We can see that the sweet spot seems to be around max depth = 5 and C = 10. The tree classifier is very likely overfitting at depths of 10 and 20. One of the features of the decision tree classifier is it gives us a good indication of which columns are important. Data is first split on columns near the “trunk.” If we look the most important features from our classifier, decent separation of the data is already evident. Note also that we are not looking at the first or second principal component here–we’re pretty far down the line, at the 655th and 645th components!
And how about predicting the actual loss values? How does our SVR do? It does alright, but could definitely use some work. We can see good correlation below, for data that isn’t mis-classified. There is definitely room for improvement here, however, as we can see in the distribution. The SVR misses out on high loss values, and even predicts some losses to be negative (we wish!). Not to mention that we miss out on some segments of the distribution even at low values.
Nevertheless, we have solid parameters, the data look well-partitioned by the classifier, and the regressor is workable. An MAE of 0.63 is a sizeable improvement on the benchmark solution (which scores around 0.83), so I must be in good shape to improve from here, right?
Conclusions
Wrong. Due to the big shifts between training and competition data noted above, models which performed well on the training data often did worse than the benchmark on competition data. I was still able to beat the benchmark using a RandomForestClassifier, again with a max depth of 5.
Had I realized these discrepancies earlier on, I might have been able to eliminate the irrelevant or spurious features.

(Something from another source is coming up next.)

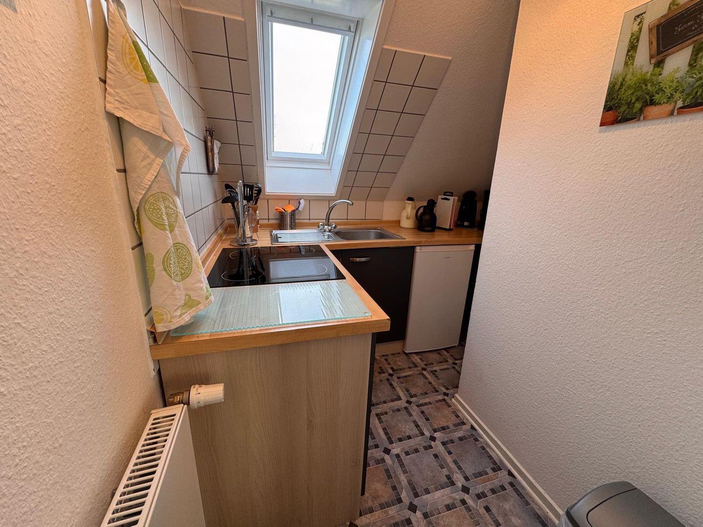 Die Küche ist vollständig ausgestattet und lässt keine Wünsche offen: Ein Ceranherd mit Elektro-Backofen, Kühlschrank mit integriertem Gefrierfach, Mikrowelle, Kaffeemaschine, Eierkocher, Toaster sowie eine Spülmaschine sind vorhanden und ermöglichen eine bequeme Selbstversorgung.

Nonetheless, great knowledge gains were realized: working through the cleaning, transforming, fitting and re-fitting process simultaneously exposed me to common pitfalls of this type of analysis and the ins and outs of the sci-kit learn library. And more broadly, the machine learning techniques themselves. For instance, I found a support vector classifier to be almost useful in this project because (I suspect) the boundaries were so noisy — the tree-type classifiers really shined here.
Click below to expand source code. Note that much of the analysis was done interactively with ipython.
"""
Builds a model for the loans competition
"""
import numpy as np
import pandas as pd
from sklearn import preprocessing, decomposition, cross_validation, svm
"""
Preprocesses and returns the training data. Drops the 'loss' column
"""
def preprocess(idf, ns=0):
#sample the training set if necessary
if ns > 0:
numSamples = ns
df = idf.ix[np.random.choice(idf.index, numSamples, replace=False)]
else:
df = idf
#takes a dataframe, then seperate out float, int values
indexName = 'id'
resultName = 'loss'
floatColumnNames=[df[column].name for column in df.columns if df[column].dtype == 'float64' or df[column].dtype == 'object']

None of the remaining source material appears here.